Why a dig in this case?  Let’s turn to Scotusblog’s Rory Little for his thoughts:

[I]t seems likely that some decisional disposition was tentatively advanced, and that memos were then traded among the justices advancing very different substantive positions. It might even be that a potential opinion or two were circulated, only to be met with a response from Breyer detailing all the reasons why the case was a flawed vehicle for deciding important constitutional doctrine. But after further reflection, rather than render opinions in a case in which the constitutional issues were at best dimly perceived at the certiorari stage and make sweeping pronouncements based on dubious factual assumptions, the justices found that they could agree on one thing: This case was an “improvident” vehicle and should be sent back to the messy litigation muck from whence it came.

In Collins v. Virginia, the Court held 8-1 that while there are some automobile exceptions to the requirement that police obtain a warrant before engaging in a search, those exceptions do not allow warrantless entry of a home or its curtilage (the area immediately surrounding it), to search an automobile.

Police in Albemarle County, Virginia were frustrated by a motorcyclist who repeatedly and successfully fled during high-speed maneuvers (140 mph+), evading arrest.  While the rider’s helmet concealed his identity, police had some suspicion who the guilty party was.  They stalked Collins’ social media pages, and after seeing a house with a covered motorcycle, paid a visit.  They then walked, without permission, to the side of the house where the motorcycle was covered with a tarp, removed it, and ran the Vehicle Identification Number, determining the Suzuki was stolen.  Police charged Collins with possession, but he challenges the conviction on the grounds that the evidence police collected was illegally obtained and therefore must be thrown out.
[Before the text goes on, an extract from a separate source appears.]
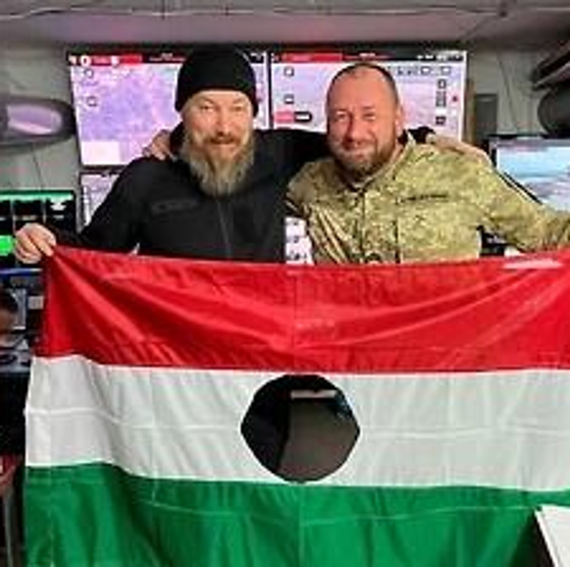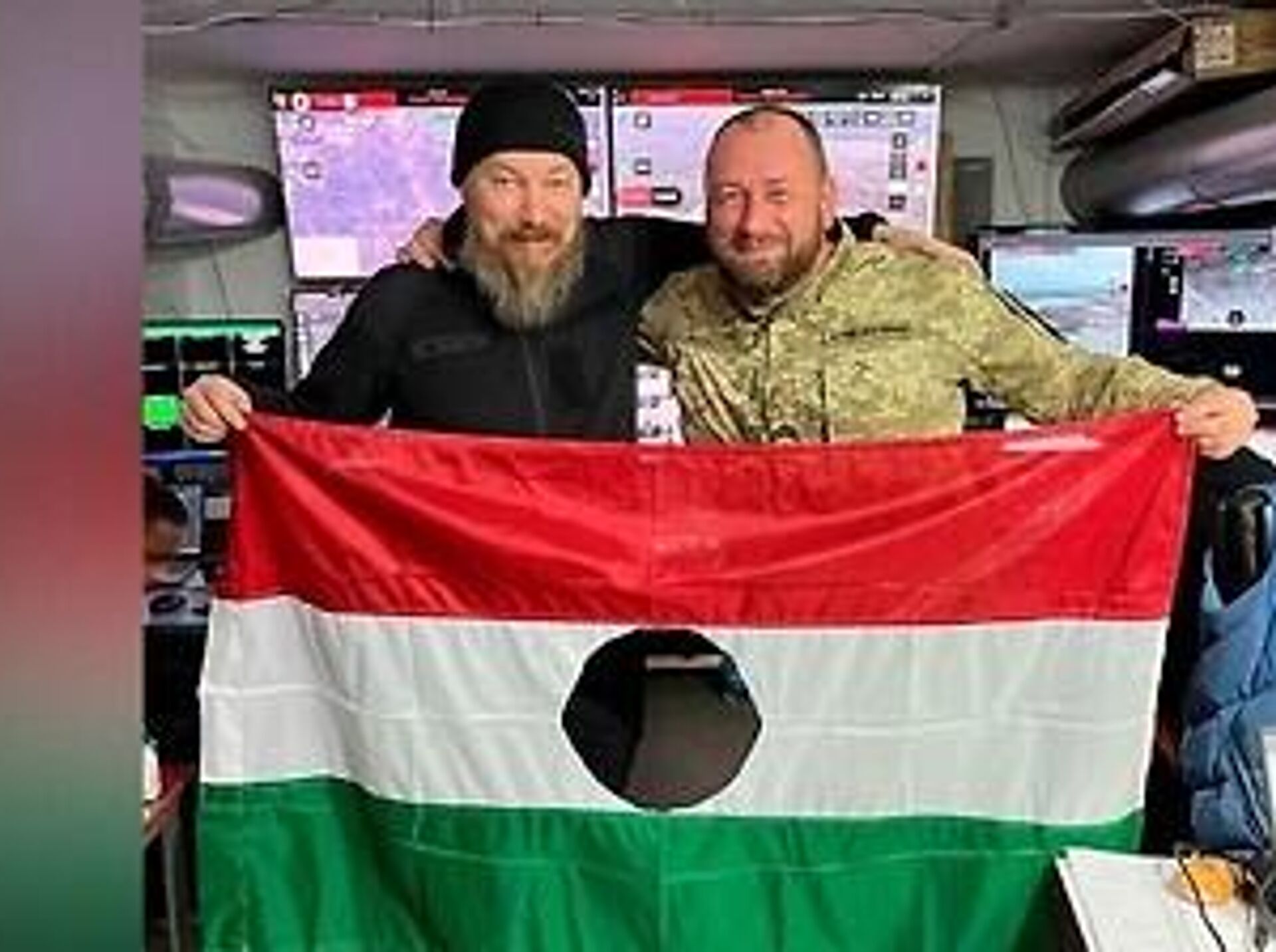 Он фотографируется с флагом Венгрии, на котором вырезан герб, то есть попросту посредине флага - дыра. Это символ "протеста народа", заявляет Фёдор Шандор.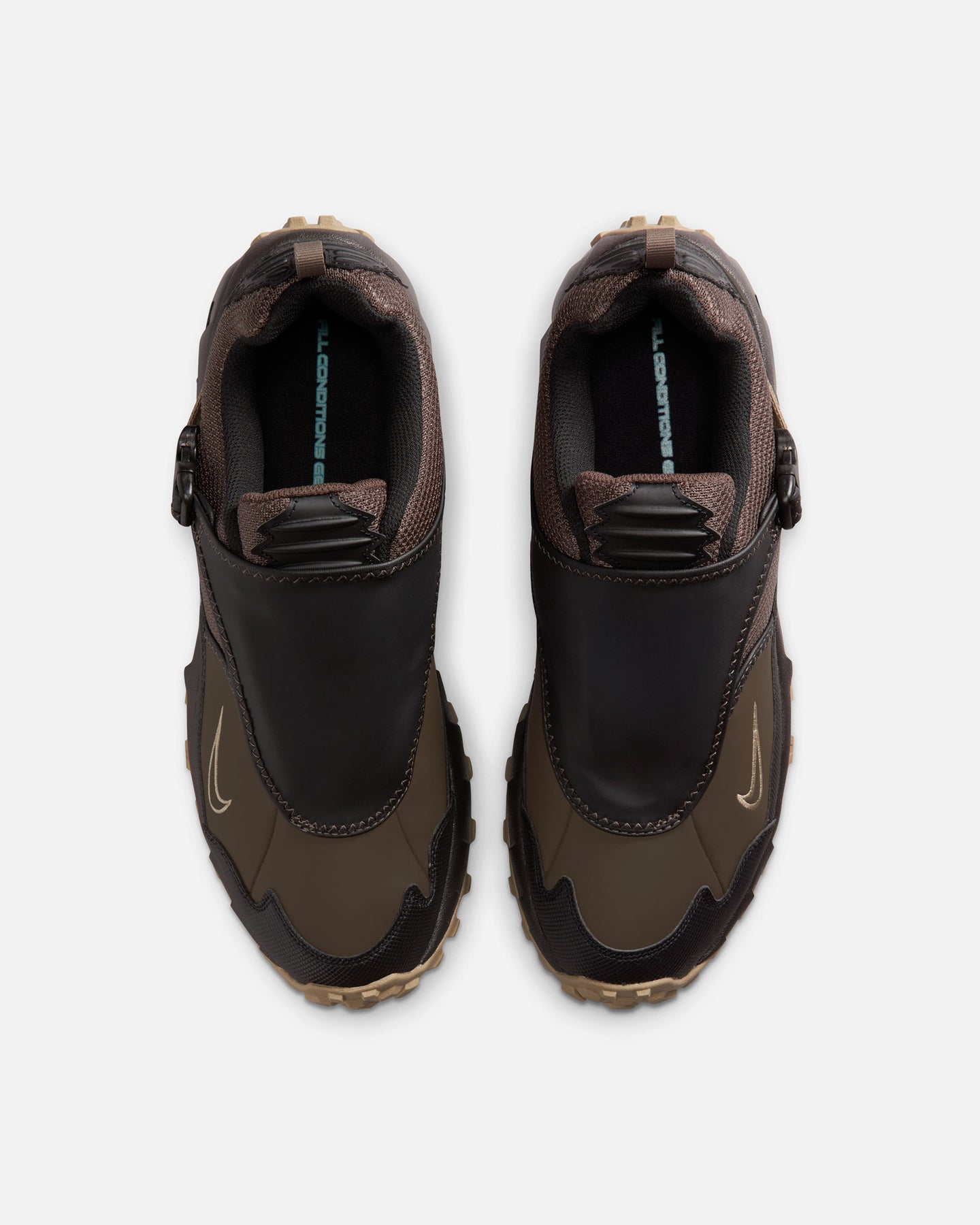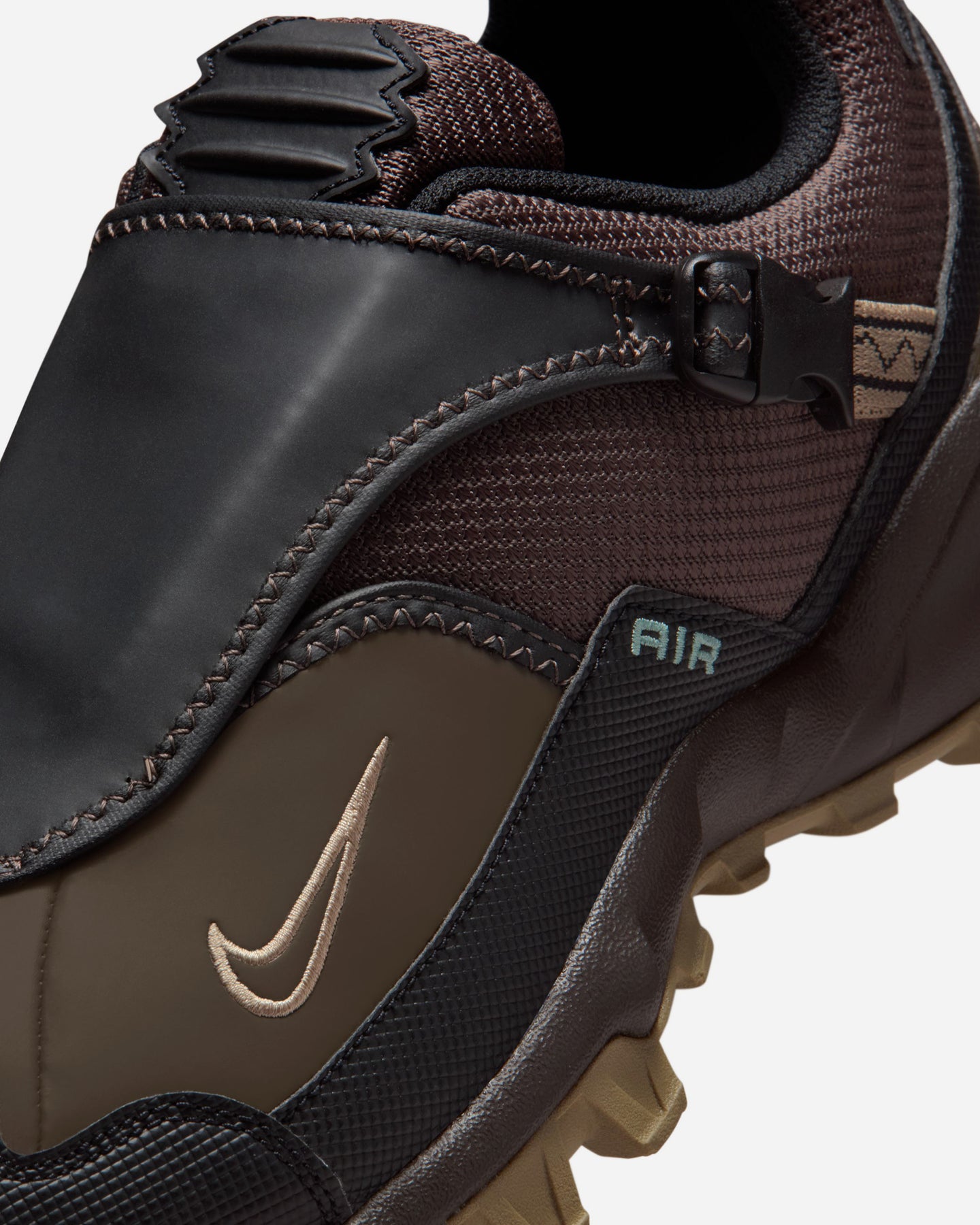 ローカットに近いシルエットながら、足の甲を覆うシュラウド構造と、テントの雨除けフラップを思わせるベルクロ留めのカバーを採用。側面には独自のバックル付きストラップが備えられ、カバーをしっかりと固定しながらフィット感を自在に調節可能。アウトソールには厚みのある頑丈なラバーを用い、マウンテンバイクのタイヤのような深いラグパターンを刻むことで、泥や砂利道といったタフな地形でも圧倒的なグリップ力を発揮。

The lower court ruled the evidence admissible under the vehicle exception to the Fourth Amendment.  That exception was written not by James Madison, but by the Supreme Court in 1925, to ease police searches during prohibition.  It says that given the mobile nature of automobiles, police are not bound by the warrant requirement of the Fourth Amendment when searching them.  Collins says that may be fine for vehicles on the side of the road, but this vehicle was on private property up on the side of the house and covered, which makes it less like a vehicle for Fourth Amendment analysis purposes, and more like any other property, which requires a warrant to search.

Eight Justices agreed with Collins.  Justice Sotomayor wrote the decision in which all her fellow Justices agreed, all except Justice Alito.  Alito claims, “[t]he Fourth Amendment prohibits “unreasonable” searches. What the police did in this case was entirely reasonable. The Court’s decision is not.”

Justice Thomas wrote separately.  While he agreed with the majority decision, he wrote to criticize the exclusionary rule itself, and its imposition by federal courts onto state courts:

In sum, I am skeptical of this Court’s authority to impose the exclusionary rule on the States. We have not yet revisited that question in light of our modern precedents, which reject Mapp’s essential premise that the exclusionary rule is required by the Constitution. We should do so.

In Lagos v. United States, the Court ruled unanimously on a technical statutory interpretation.  It held in relevant part: 

18 U. S. C. §3663A(b)(4), the words “investigation” and “proceedings” are limited to government investigations and criminal proceedings and do not include private investigations and civil or bankruptcy proceedings.

That’s not a case that will impact many people, but the Justices are final arbiters of Congress’ lawmaking hash in matters banal as well as existential.